The following is very
important. It is a progression that the average couple proceeds
through from the first meeting to sex. I suggest you study it
very carefully.
These are also
steps couples undergo during courtship: (1) eye to body (2) eye to eye
(3) voice to voice (4) hand to hand (5) arm to shoulder (6) arm to
waist (7) mouth to mouth (8) hand to body (9) hand to head (10) hand
to breast (11) mouth to breast (12) hand to genitals (13) mouth to
genitals (14) genitals to genitals (Hickson, 1985 with some changes
made). You must not necessarily follow this list exactly.
This is merely added to give a general description of how things
occur. I do, however, advise that you do not try to deviate too far
from the schedule because if you do she will label you as rushing her.
If you are to keep on the good side of a woman you are best to take
things slowly. In addition, I do not advise that you skip too
many steps. At best, move quickly through each step instead of
avoiding steps altogether.
Do not deviate
from it too much. If you do you will take her off guard.
She might not even realize it at the time, but once her subconscious
gets a hold of it later on, it will have a field day with it.
She will not know why, but she will be really turned off by you.
This also helps explain why women do not sleep with men on the first
date. While you can often move quickly from step 1 (hand to
hand) to 6 (arm to waist) you can not skip from step 1 to step 14 all
at once. In fact, most women would rather take their time
advancing from step to step. This allows them to establish a
comfort level at each step. The next time you meet someone for
the first time and she gives you all the right signals and you think
she will probably sleep with you on the first date, remember you will
often be skipping from step 1 (maybe) right to step 14! Skipping
a few steps is possible but skipping 13 steps is not!
If you have
progressed through steps 1 to 6 and are still in good shape, you will
be looking for step 7, a kiss.
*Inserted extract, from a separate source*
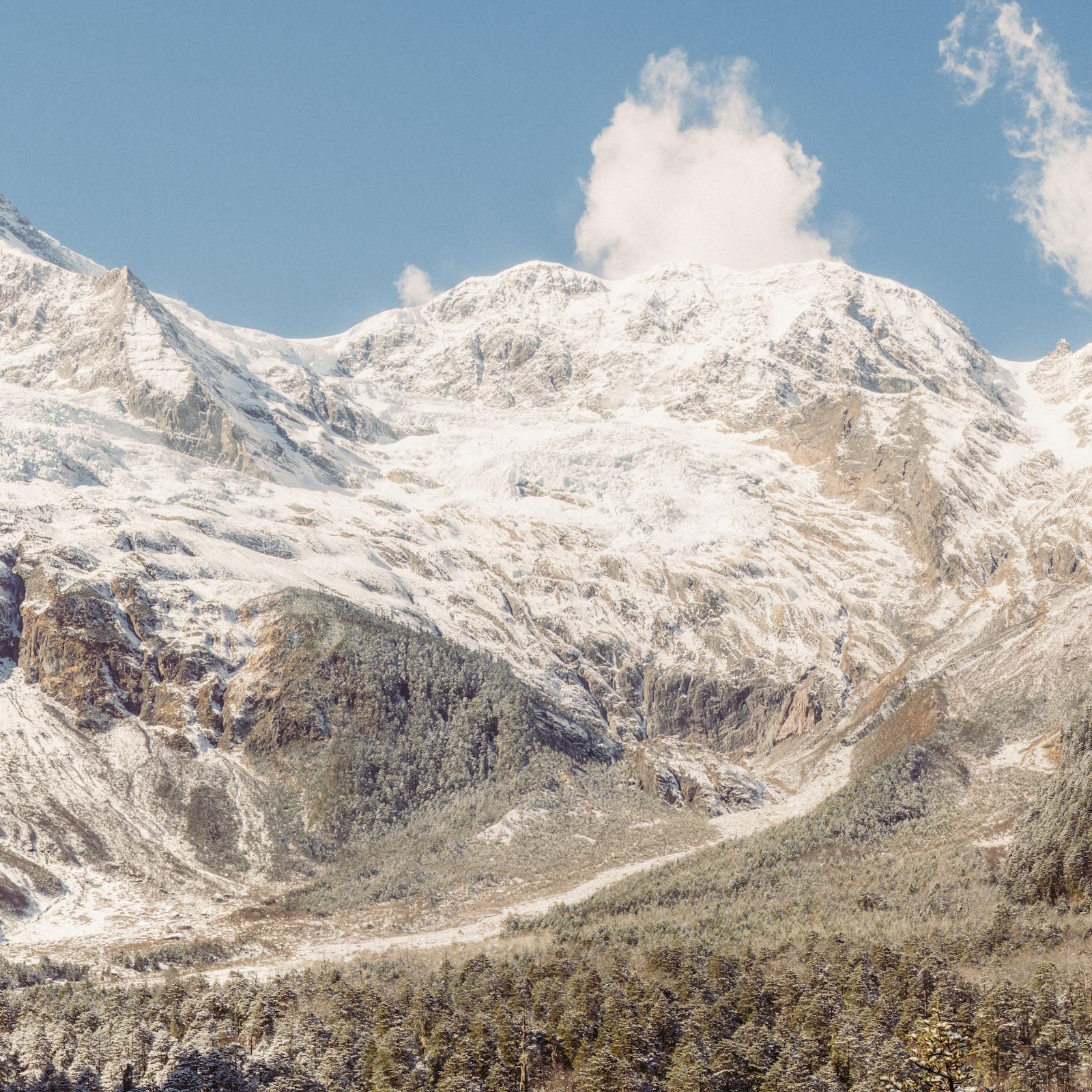 Towering snow-covered mountains rise dramatically over a forested valley under a clear, bright blue winter sky.

She will signal to you that she
wants you to kiss her by squeezing your hand. To test this,
squeeze her hand gently while holding it. If she responds by
squeezing back you can be fairly sure that she is interested in moving
on. If however, she does not respond and keeps her hand
relatively lifeless and limp then you are advised not to move on.
If you wait a little longer she will surely give you the go ahead.
Now, for a
little on step 10 which is hand to breast. A woman will
normally allow a man to touch their breasts if her arms become less
rigid against her body. That is, her arms will be let from her
sides. If you offer to give her a back massage (a good tactic)
and she does not hold her arms tightly to her sides, she is, in
essence, telling you that it would be okay for you to touch her chest.
This is not a rule. Take this only as tentative proof
that she is willing to move on. If she says “no” but her
body language is saying “yes”, then too bad you must not touch,
you must respect the wishes of women.